--- EXERCISE DATA ---

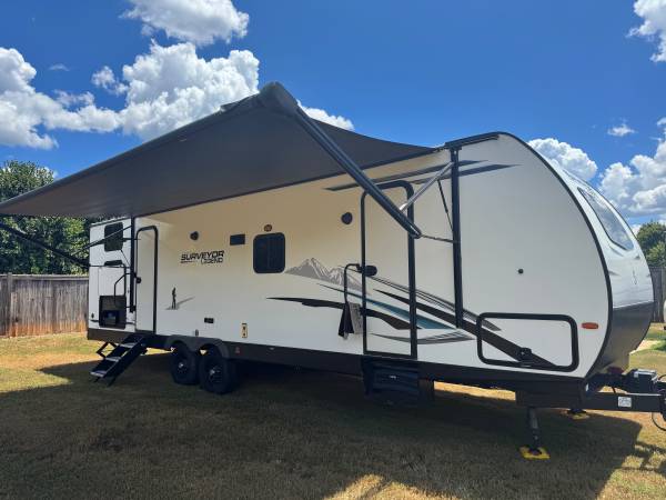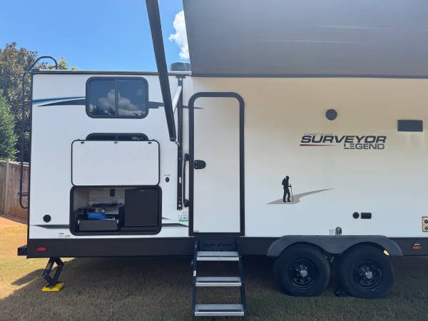 Elevate your camping game with this spacious 2021 Forest River Surveyor Legend travel trailer—perfect for larger families or groups seeking comfort on the road. At 35 feet long with a dry weight of just 6,806 lbs and hitch weight of 804 lbs, it’s towable by mid-size trucks and built tough with Azdel composite walls for lasting durability.
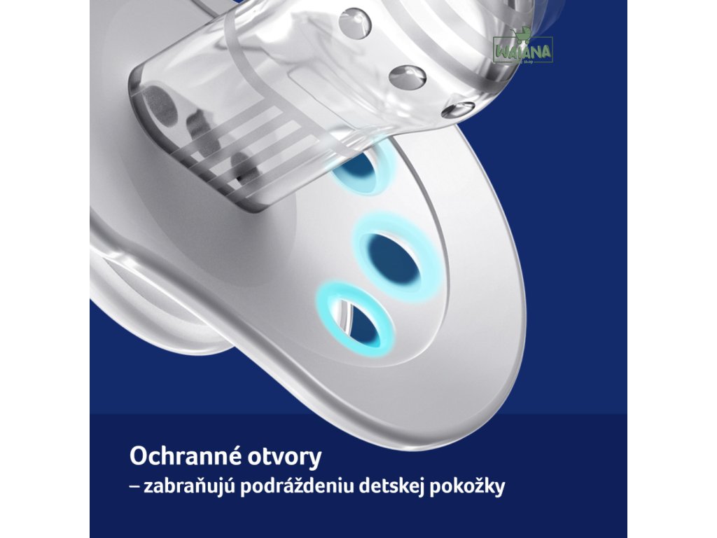 Umožňuje dieťaťu voľne dýchať nosom. Je vyrobený z bezpečného materiálu, ktorý neobsahuje BPA. Jedinečný okraj štítku je vyrobený zo zdravotníckeho materiálu, je príjemný na dotyk a zabraňuje otlačeniu cumlíka.
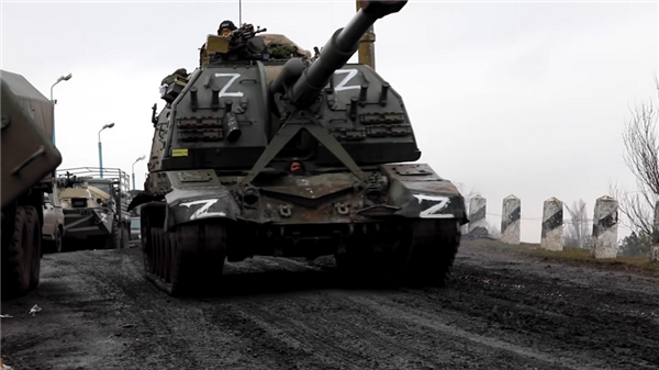 于是不但堑壕拉锯的战争形态一下回到了一百多年前,连视觉识别标志也回归了:乌克兰士兵用蓝色和黄色的电工胶带缠在身上,俄罗斯载具上则用白漆画上大大的 Z 字。
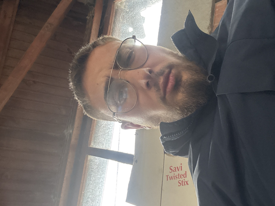 A male individual, approximately 20-35 years old, is depicted in a close-up portrait, gazing directly forward. He has short, light brown hair and a light brown full beard. He wears silver-framed aviator-style prescription glasses, and a small hoop earring is visible in his left ear. The individual is wearing a dark blue jacket with a visible zipper pull on the collar. The background indicates an indoor setting. Above the subject's head is a wooden ceiling constructed with exposed planks and beams. To the subject's left and right are large window panes, with light visible through them, suggesting an exterior light source. To the subject's left (viewer's right) is a light-colored vertical panel or box with red text printed vertically. The text reads "Savi" on the top line and "Twisted Stix" on the line below. The presence of the "Savi Twisted Stix" product label, associated with Savi, a food production company headquartered in Haskovo, Bulgaria, indicates the scene is located within a facility or premises belonging to Savi in the city of Haskovo, Bulgaria. The overall environment, with the wooden ceiling and window structures, suggests a workshop, storage area, or production facility.
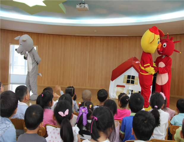 童话,是真善美的化身;童话,是你我他童年缤纷梦想的展现。 2016年6月12日 上午,常州亚细亚影城的童话剧演员们走进龙幼(玲珑园区),为所有的孩子们带来了精彩的童话剧演出。 伴着一曲曲欢快的音乐,笨笨猪、丑丑猪、美美猪等角色依次登场,上演了一出《新三只小猪》的故事。 演员们身着卡通的演出服,忘情地表演着,孩子们的目光深深地被吸引了过去。《新三只小猪》以三只小猪盖房为背景,而大灰狼狡猾多变想吃掉三只小猪,精彩的剧情让孩子们时而紧张、时而兴奋、时而欢呼。最后,三只小猪联合小动物和现场的小朋友一起打倒了大灰狼,将活动现场推向了高潮。演出虽然只有短短的半小时,但那精彩的一幕幕不仅点燃了孩子们无限的热情,更让孩子们学会了团结力量无穷大的道理。 通过此次观看童话剧演出,不仅丰富了孩子的幼儿园生活,开阔孩子的视野,最重要的是领略了童话剧的魅力。孩子天生爱童话,让我们用童话与孩子心灵相通吧! |
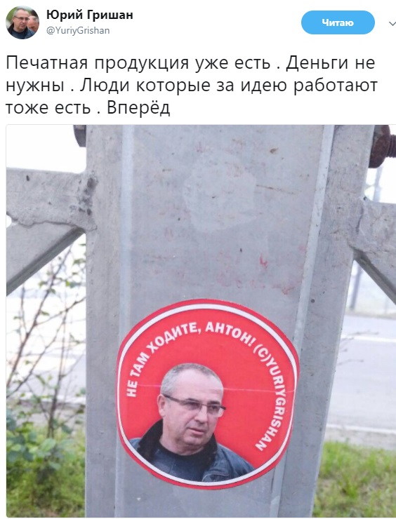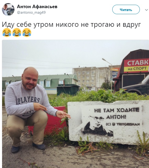 В Магадане на самых разбитых и неблагоустроенных улицах города повсюду внезапно появились спрайты (уличные рисунки, выполненные через трафарет), на которых нарисован мэр города и надпись: "Не там ходите, Антон". Автором этой фразы является глава Магадана Юрий Гришан. А сказал он ее в твиттере, поспорив там с магаданским блогером Антоном Афанасьевым о том, как в городе идут благоустроительные работы.
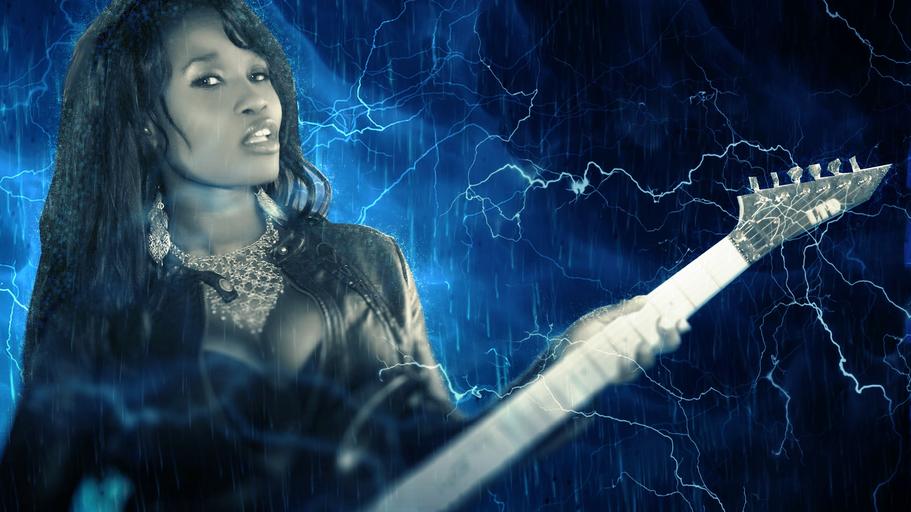 | Keywords: guitar music singer entertainment girl star instrument pop band performer musician performance electric guitarist rock artist musical celebrity woman player attractive black african american lifestyle female digital processing lightnings blue background digital creation |
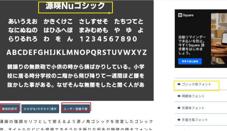 調べてみると、商用可のフォントをまとめて紹介しているサイトがとても便利でした。
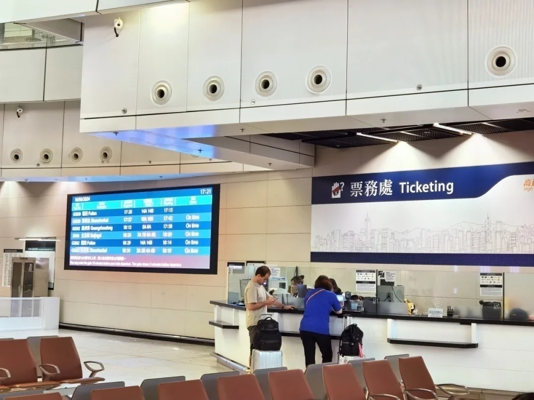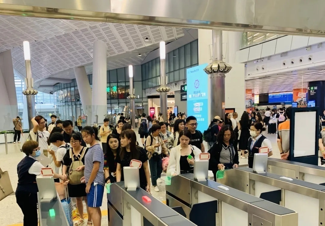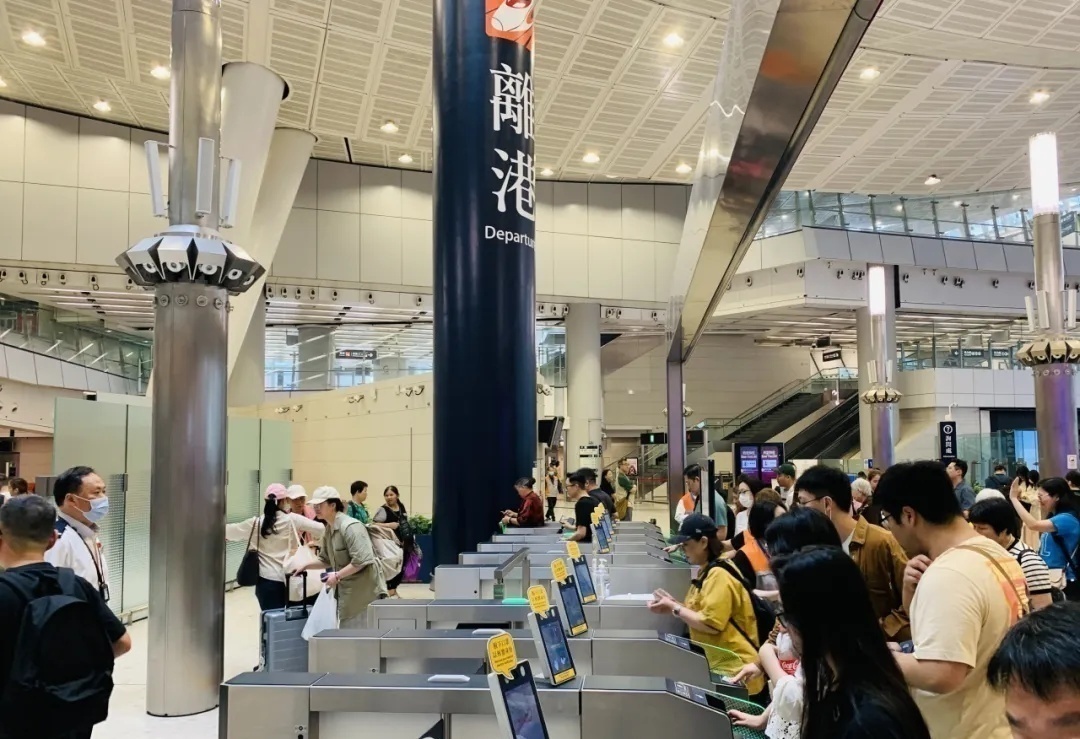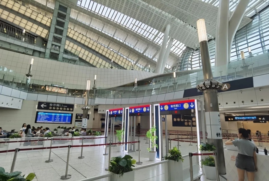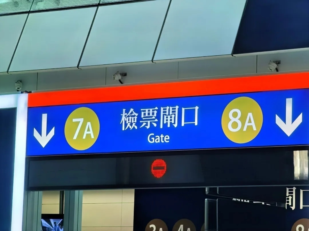 检票口上方的颜色条。红色为“待检票”,绿色为“正在检票”。

---

- BRIEF -
Copy out the entries exactly. No pictures.

- OUTPUT FOR THIS EXERCISE -
 Elevate your camping game with this spacious 2021 Forest River Surveyor Legend travel trailer—perfect for larger families or groups seeking comfort on the road. At 35 feet long with a dry weight of just 6,806 lbs and hitch weight of 804 lbs, it’s towable by mid-size trucks and built tough with Azdel composite walls for lasting durability.
 Umožňuje dieťaťu voľne dýchať nosom. Je vyrobený z bezpečného materiálu, ktorý neobsahuje BPA. Jedinečný okraj štítku je vyrobený zo zdravotníckeho materiálu, je príjemný na dotyk a zabraňuje otlačeniu cumlíka.
 于是不但堑壕拉锯的战争形态一下回到了一百多年前,连视觉识别标志也回归了:乌克兰士兵用蓝色和黄色的电工胶带缠在身上,俄罗斯载具上则用白漆画上大大的 Z 字。
 A male individual, approximately 20-35 years old, is depicted in a close-up portrait, gazing directly forward. He has short, light brown hair and a light brown full beard. He wears silver-framed aviator-style prescription glasses, and a small hoop earring is visible in his left ear. The individual is wearing a dark blue jacket with a visible zipper pull on the collar. The background indicates an indoor setting. Above the subject's head is a wooden ceiling constructed with exposed planks and beams. To the subject's left and right are large window panes, with light visible through them, suggesting an exterior light source. To the subject's left (viewer's right) is a light-colored vertical panel or box with red text printed vertically. The text reads "Savi" on the top line and "Twisted Stix" on the line below. The presence of the "Savi Twisted Stix" product label, associated with Savi, a food production company headquartered in Haskovo, Bulgaria, indicates the scene is located within a facility or premises belonging to Savi in the city of Haskovo, Bulgaria. The overall environment, with the wooden ceiling and window structures, suggests a workshop, storage area, or production facility.
 童话,是真善美的化身;童话,是你我他童年缤纷梦想的展现。 2016年6月12日 上午,常州亚细亚影城的童话剧演员们走进龙幼(玲珑园区),为所有的孩子们带来了精彩的童话剧演出。 伴着一曲曲欢快的音乐,笨笨猪、丑丑猪、美美猪等角色依次登场,上演了一出《新三只小猪》的故事。 演员们身着卡通的演出服,忘情地表演着,孩子们的目光深深地被吸引了过去。《新三只小猪》以三只小猪盖房为背景,而大灰狼狡猾多变想吃掉三只小猪,精彩的剧情让孩子们时而紧张、时而兴奋、时而欢呼。最后,三只小猪联合小动物和现场的小朋友一起打倒了大灰狼,将活动现场推向了高潮。演出虽然只有短短的半小时,但那精彩的一幕幕不仅点燃了孩子们无限的热情,更让孩子们学会了团结力量无穷大的道理。 通过此次观看童话剧演出,不仅丰富了孩子的幼儿园生活,开阔孩子的视野,最重要的是领略了童话剧的魅力。孩子天生爱童话,让我们用童话与孩子心灵相通吧! |
 В Магадане на самых разбитых и неблагоустроенных улицах города повсюду внезапно появились спрайты (уличные рисунки, выполненные через трафарет), на которых нарисован мэр города и надпись: "Не там ходите, Антон". Автором этой фразы является глава Магадана Юрий Гришан. А сказал он ее в твиттере, поспорив там с магаданским блогером Антоном Афанасьевым о том, как в городе идут благоустроительные работы.
 | Keywords: guitar music singer entertainment girl star instrument pop band performer musician performance electric guitarist rock artist musical celebrity woman player attractive black african american lifestyle female digital processing lightnings blue background digital creation |
 調べてみると、商用可のフォントをまとめて紹介しているサイトがとても便利でした。
 检票口上方的颜色条。红色为“待检票”,绿色为“正在检票”。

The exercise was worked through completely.